Message withdrawn at poster's request.

jesuschristwtf · 13/08/2019 09:33

He’s being friendly, not manipulative - you are friends who have had sex. Look OP. I’m sorry but you really don’t get it do you? He doesn’t want to be in a relationship with you. He just wants an easy casual friendship. You don’t want that so you have to walk away. He’s not into you like you are Into him. Walk away. Wish him the best and walk away. Find someone who wants what you want.

rachyrachy · 13/08/2019 09:37

@jesuschristwtf I asked him are we mates ?
He said no we aren't,don't call me a mate.
What am I meant to think.

OP posts:
ThatCurlyGirl · 13/08/2019 09:52

You have to engage for someone to play a game.

So just disengage and accept that you don't want the same thing so there's no benefit to you staying in touch.

Why are you torturing yourself?

MisterLister · 13/08/2019 09:53

This reply has been deleted

Message withdrawn at poster's request.

Nanny0gg · 13/08/2019 10:11

You don't have to 'think" anything

Either put up with it as it is or end it.

He's happy, you're not.

Why are you wasting your time?

billy1966 · 13/08/2019 10:24

These are not mind games OP.

He is telling you very clearly that ye are not exclusive.

You are choosing not to hear this.

This will only end one way, and you will be lying to yourself if you refuse to take responsibility for your part in it.

You are wasting valuable time on someone who just isn't feeling the same way.

Own it and move on.

absofuckinglutley · 13/08/2019 10:30

Omg he is an absolute bellend and you are just chasing him.

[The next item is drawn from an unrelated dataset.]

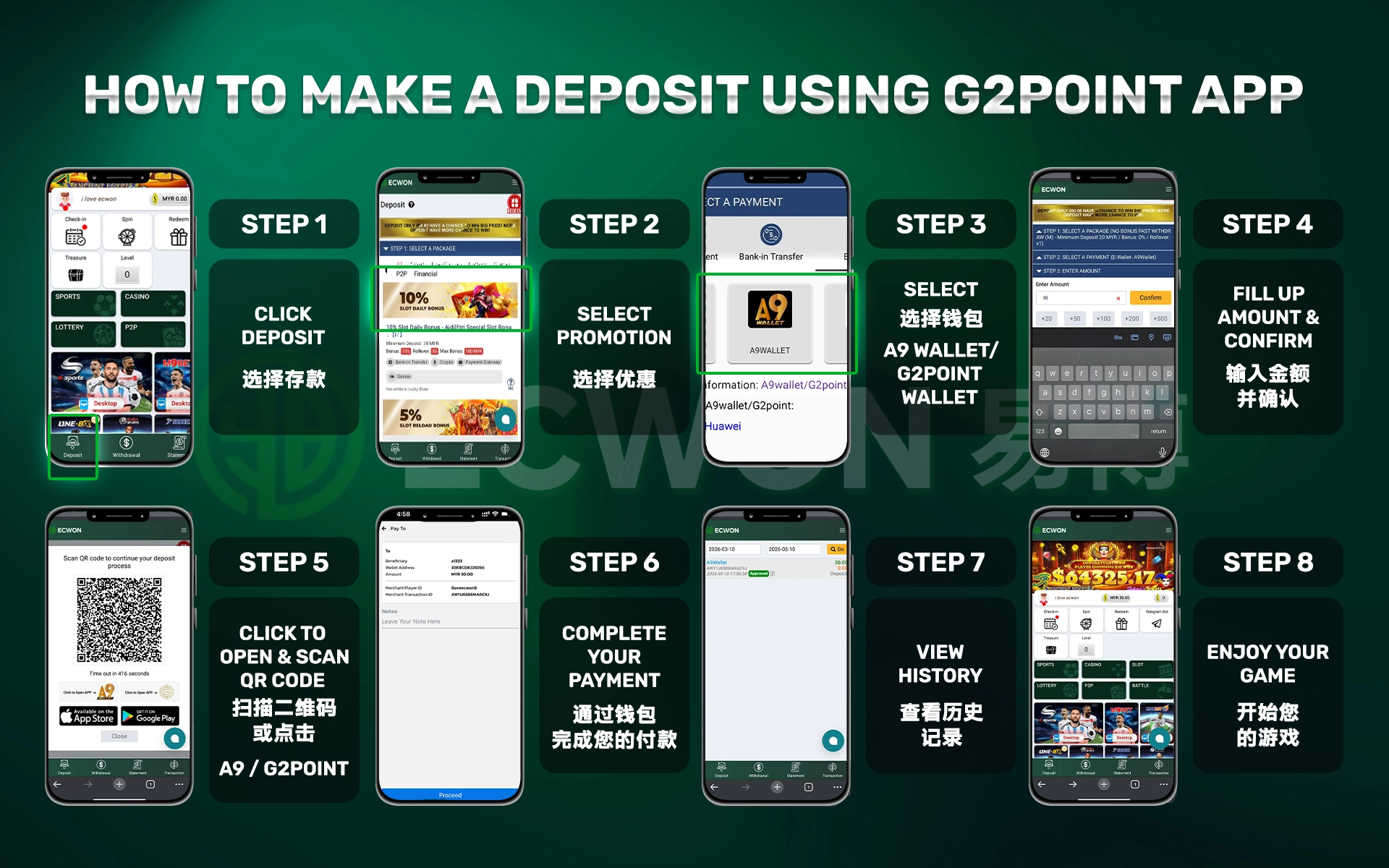 Please follow these steps to make a deposit :

Sorry but he's probably laughing with all his mates at your convo's who are dickheads like him and think he's the man cos of how he treats women. Don't dump, just block him and never see him again

browzingss · 13/08/2019 10:39

Sorry but how is he playing ‘mind games’? I think your own mind is playing the games to be frank.

He made it clear that he wants something casual/sex, that you’re not exclusive, that he wants to date others, that you’re not his girlfriend etc. His actions correspond to what he has told you?

You’re the one that wants something more, so are getting jealous/hurt as he does his own thing etc. As others have said, just end it and move on as you’re only hurting yourself. He isn’t going to be the man you’re hoping for.

Also - he doesn’t count you as a ‘mate’ as he sees you as a shag/friends with benefits sort of thing. He obviously doesn’t see you on the same level as his friends. This doesn’t mean that he wants anything more from you in terms of a relationship.

AGenericUsername · 13/08/2019 11:00

Ask him if you're exclusive and if you are an item if you're not mates. If he doesn't want to answer and backs away then you need to either accept it for what it is or walk away yourself. Stop playing games and sending him strange texts.

Boysey45 · 13/08/2019 11:59

I thought you were both teens before I read the whole thing.He sounds a prick, what middle aged man sends messages saying hes in a strange house help? Absolutely pathetic.
Theres plenty of men who will see you properly as a girlfriend, not just as a fuck OP. Leave this bellend to it.

Fuckface7 · 13/08/2019 12:30

If he is playing mind games and trying to make you jealous (which I doubt tbh), you should end it. If he's not, and just wants a casual FWB arrangement (most likely), but you don't, you should end it. No good can come of this. For your sanity and self respect, just end the whole arrangement and treat yourself to something nice, a great night out with your real friends or anything that will make you feel good. Just stop tormenting yourself. Please.

PoppingOneOutIn2020 · 13/08/2019 12:34

I cant help but feel like you gave him leverage with what you text him.

Maybe he was looking for a "do you think you'll be on the prowl too?" Type of text, to gauge where your boundaries are in this. But all you gave him was "go shag, dont catch an std" which opened a while new window for him.